In this fallen world, love is just flawed. No one loves perfectly. Family relationships are messy and sinful human nature acts out constantly. What makes the road so treacherous is that love can exist one minute and disappear the next when it requires something in the relationship that is too steep. A generous person becomes stingy in a moment over the right issue. Unless you know them well, you might not know the limits of their fidelity and at what point they will serve themselves instead of you. Jacob will find out the hard way about the heart of Laban and suffer under his selfish scheming. But then again, hadn’t Jacob just done the same thing to his own family? He schemed to extort a blessing from his father. What he has sown, he will reap.
How should I function in a normal family? I don’t want to live suspicious of everyone but I also don’t want to be naïve and trust indiscriminately. I will err on either side if I try to live by my own gut.
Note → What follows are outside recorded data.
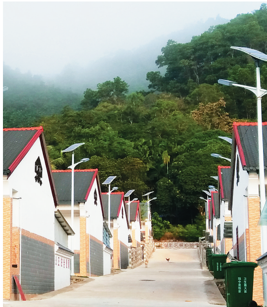
湾岭镇大边村新貌。

在创新金融模式上，琼中进一步巩固推广小额贷款琼中模式，在实行“林权”抵押贷款基础上，2014年6月率先在全省开展农民住房财产权抵押贷款试点工作，探索建立农民住房财产权“大边村”模式，即政府帮助农民办理房产证，通过抵押给银行，给农户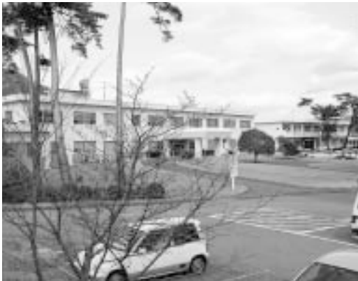
黒瀬町にある賀茂精神医療センター

入院治療専門指定医療機関の整備目標は全国24か所で、1施設30床規模、全体で700床程度である。全国8ブロックの中核的な施設として国や独立行政法人国立病院機構の医療機関を指定し、その他16か所の公立病院に順次整備する計画とされている。中・四国ブロックで独立行政法人国立病院機構賀茂精神医療センターが指定された理由は、精神科専門の医療機関であり、これまでの診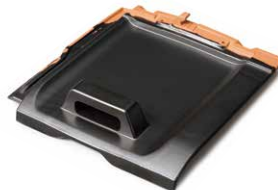
雪止瓦 対応色：瓦全色

Sometimes I’ll get it right but there will be just as many times I am taken in by another’s ability to deceive. “My brother, we’re family!” goes a long way to melt a misgiving that might be warranted.
God promises wisdom to all who ask and who seek it like gold. God will guide me right as I navigate relationships with others who share my bloodline. I will get it wrong sometimes. That’s life. And when I do, I can’t get bogged down in the mire of resentment and revenge. I’ll grieve my losses, forgive, embrace the lessons I’ve learned about the hearts of people, and move on to love with my eyes wide open.
Continue to heal my fear of people. Amen
Journal Question: Do you need to make a course correction in your approach to family? Do you err toward caution instead of openness? Or trust instead of wisdom? Ask God for the wisdom to walk in balance.